What frustrates them is the customer service bot that traps them in a polite but useless loop; personalisation that feels creepy rather than helpful; automated decisions that cannot be explained; and the familiar claim that something is “for their convenience” when it is obviously for the company’s cost-saving spreadsheet.
So the customer test is simple: does AI make the experience feel better, faster and fairer?
If the answer is yes, shout about it. If the answer is “sort of, once people get used to it”, keep working.
AI excellence in 2026 will mean proving that customers feel the benefit. Not theoretically. Not in a transformation roadmap. In the actual moments that matter: booking, buying, asking, complaining, renewing, switching, returning and recommending.
Employees need confidence, not just another clever tool
The other audience that matters is inside the business.
Many employees are already using AI in small ways, whether officially or unofficially. They are summarising documents, drafting first versions, checking ideas, building spreadsheets, preparing presentations and trying to remove some of the sludge from their day.
That is good. But it also creates a management challenge.
If AI use grows in little pockets, without guidance, companies risk inconsistency, data leakage, poor-quality output and a new kind of workplace theatre: people looking busy by producing more documents nobody needed in the first place.
The internet has already given us a useful phrase for this: AI workslop. It means the low-quality, AI-generated output that looks polished at first glance but creates more work for everyone else. Every organisation experimenting with AI should have that phrase pinned somewhere visible.
The antidote is not to ban AI. It is to be clearer about good use.

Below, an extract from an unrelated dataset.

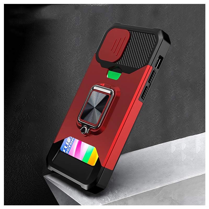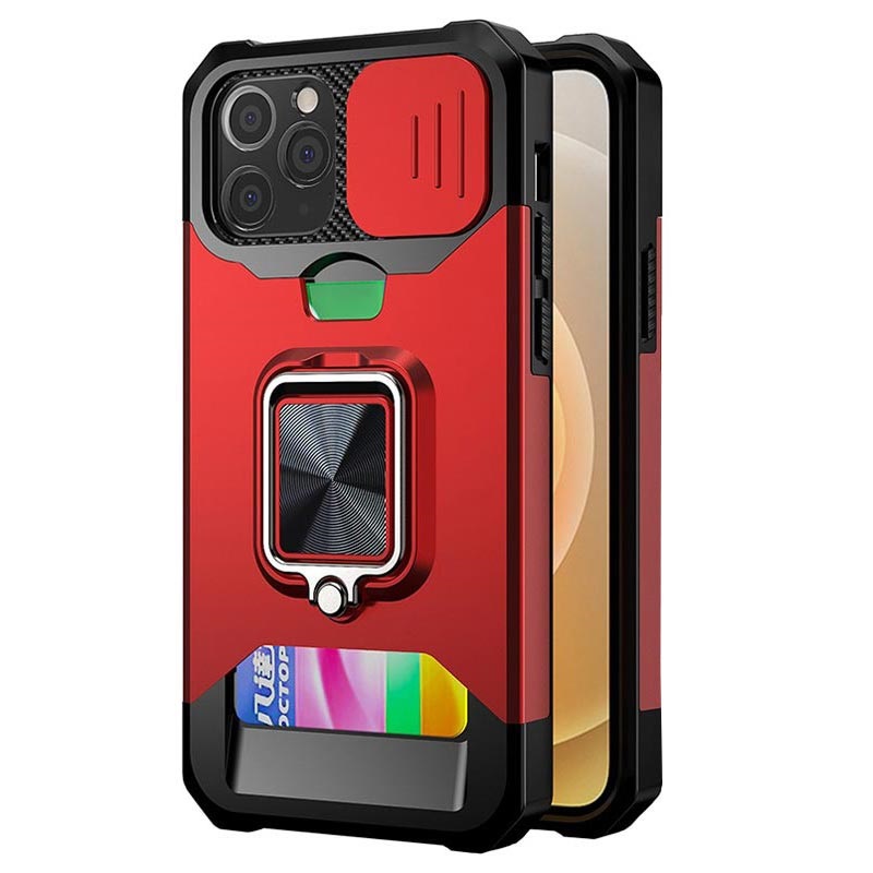 • Multifunktions 4-in-1 Hybrid Hülle für iPhone 12, iPhone 12 Pro mit Kartensteckplatz, Magnetische Ring, Ständer, Kamera Schutz

Businesses need training, policies, shared examples and honest conversations about where AI helps and where human judgement still carries the weight. Handled well, that kind of clarity builds trust inside the business as well as with customers. It also supports better practice around explaining decisions made with artificial intelligence, which is particularly important in regulated or sensitive sectors, where a small mistake can create reputational, legal or customer harm.
The businesses that win will measure what matters
By 2026, “we use AI” will be about as impressive as “we use email”. The real question will be: what changed?
Award-worthy businesses should be ready to show evidence that links AI to meaningful improvement. That might include faster customer response times, higher satisfaction, fewer operational errors, stronger employee confidence, improved conversion or retention, lower service friction, better forecasting, clearer decision-making or new revenue opportunities.
Not every business will have all of these. Nor should they. The point is to choose the measures that match the problem being solved.
The right metric depends on the use case. Customer service tools should be judged on customer outcomes. Operational AI needs to prove accuracy, speed and resilience. Marketing applications should be tested against relevance, trust and commercial impact. Employee-facing tools need adoption, confidence and quality measures — not just output volume.
More stuff is not automatically better stuff. Most organisations already have enough of it.